Useful pytest fixtures to help you improve legacy code

Useful pytest fixtures to help you improve legacy code

2020/04/25 7:47pm

Recently, I had the opportunity to work on improving legacy code – in short, code that has no testing at all1. The following improvements were made by me as rough steps.

  1. Adding Poetry as package manager.
  2. Adding tests with pytest.
  3. Running tests automatically on CI.
  4. Necessary code modifications and refactoring.

In particular, in step 2, the fixture feature of pytest was very useful, and I used it extensively, from generating dummy data to mocking external resource access. For example, I often use requests-mock to mock the Web API. To use it as a pytest fixture is easy:

import pytest
import requests_mock as requests_mock_module

@pytest.fixture
def requests_mock():
    with requests_mock_module.Mocker() as m:
        yield m

@pytest.fixture
def user_api_response():
    def response(user_id):
      return {
          "id": user_id,
          "name": "dummy",
          "updated_at": fake_iso8601(),
          "created_at": fake_iso8601()
      }
    return response

if you save the above Python code as conftest.py, you can mock Web API accesses in any unit test as shown below:

def test_web_api(requests_mock, user_api_response):
    # Mocking access to Web API
    requests_mock.get(
        f'https://api.example.com/users/{user_id}',
        json=user_api_response(user_id))
    
    # Invoke test target function
    get_user()

I also learned for the first time that pytest not only allows users to define their own fixtures, but also provides built-in fixtures. You know that I hadn’t read the document very seriously until now.

In this article, I’d like to show you two of the most frequently used built-in fixtures.

monkeypatch

First up is monkeypatch. As its name implies, it provides a fixture where methods and attributes can be replaced.

In this project, this fixture was very useful because the target module depends on many environment variables and executes external commands with subprocess.run() and os.system().

For example, if you want to replace environment variables with unittest.mock, you have to do the following:

from unittest.mock import patch

@patch.dict('os.environ', {'FOO': 'value'})
def test_sample():
  ...

Maybe it’s partly because I personally don’t like unittest.mock very much because of its complexity, I feel that monkeypatch.setenv() is easier to understand.

def test_sample(monkeypatch):
  monkeypatch.setenv('FOO', 'value')
  ...

Furthermore, it was easy to mock executing commands with subprocess.run() except for specific commands.

import subprocess

def test_sample(monkeypatch, subprocess_completion_process_factory):
    # Mock: subprocess.run
    subprocess_run = subprocess.run

    def mock_subprocess_run(command):
        # pass through invocation of some commands to the original function.
        if command[0] in ['gunzip', 'unzip']:
            return subprocess_run(command)

        return subprocess_completion_process_factory(returncode=0)

    monkeypatch.setattr(subprocess, 'run', mock_subprocess_run)

The parameter subprocess_completion_process_factory is a user-defined fixture that returns a namedtuple that implements only the necessary properties from the subprocess.CompletedProcess.

from collections import namedtuple

FakeCompletionProcess = namedtuple('FakeCompletionProcess', ['returncode'])

@pytest.fixture
def subprocess_completion_process_factory():
    def factory(returncode):
        return FakeCompletionProcess(returncode=returncode)

    return factory

Of course, you can also define your own fixture to mock other commands.

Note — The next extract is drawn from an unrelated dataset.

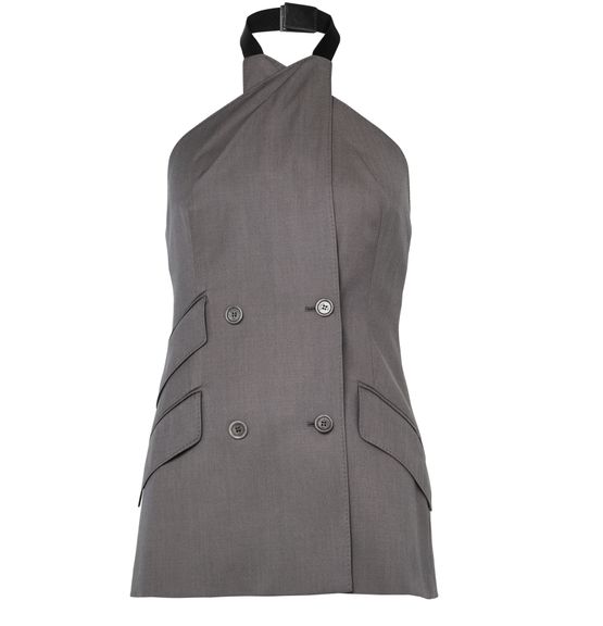 Reveal Max Mara's sleeveless double-breasted blazer, a short, collarless piece defined by its modern silhouette. Featuring a button fastening and flap pockets, this design offers two front pockets for added practicality. Its versatile style transitions seamlessly from day to night, elevating any wardrobe.

Pytest fixture can take other fixtures as arguments, so you can write a fixture that returns a function to mock other commands than the one that matches the array of commands given as arguments, like the following:

import subprocess
import pytest
import re

@pytest.fixture
def monkeypatch_subprocess_run(monkeypatch, subprocess_completion_process_factory):
    subprocess_run = subprocess.run

    def patch(allowed_commands):
        if command[0] in allowed_commands:
            return subprocess_run(command)

        return subprocess_completion_process_factory(returncode=0)
    return patch

...

def test_sample(monkeypatch_subprocess_run):
    monkeypatch_subprocess_run(['gunzip', 'unzip'])
    ...

tmpdir

The module in question also depended on the files that other scripts put out on the filesystem, so we had to put a dummy file in the appropriate path to test it. Of course, you don’t want to leave these files after the test, so you want to work in a temporary directory.

Of course, you can do this with the built-in Python tempfile module, but even here, tmpdir fixture is easy to use.

def test_sample(tmpdir):
    with tmpdir.mkdir('work').as_cwd():
        ...

Since tmpdir returns a py.path.local object, we can write the following in an intuitive way as described above.

  1. Create a temporary directory
  2. Create a directory called work in it
  3. Change the working directory to work

Conclusion

In addition to this, pytest also provides parameterize tests, and since it is on the fixture mechanism, it is easier to use than adopting a separate library for Parameterized testing. It may take some getting used to the style where fixtures are parameter injected into test function arguments, but once you get used to it, it’s a reassuring way to improve your code.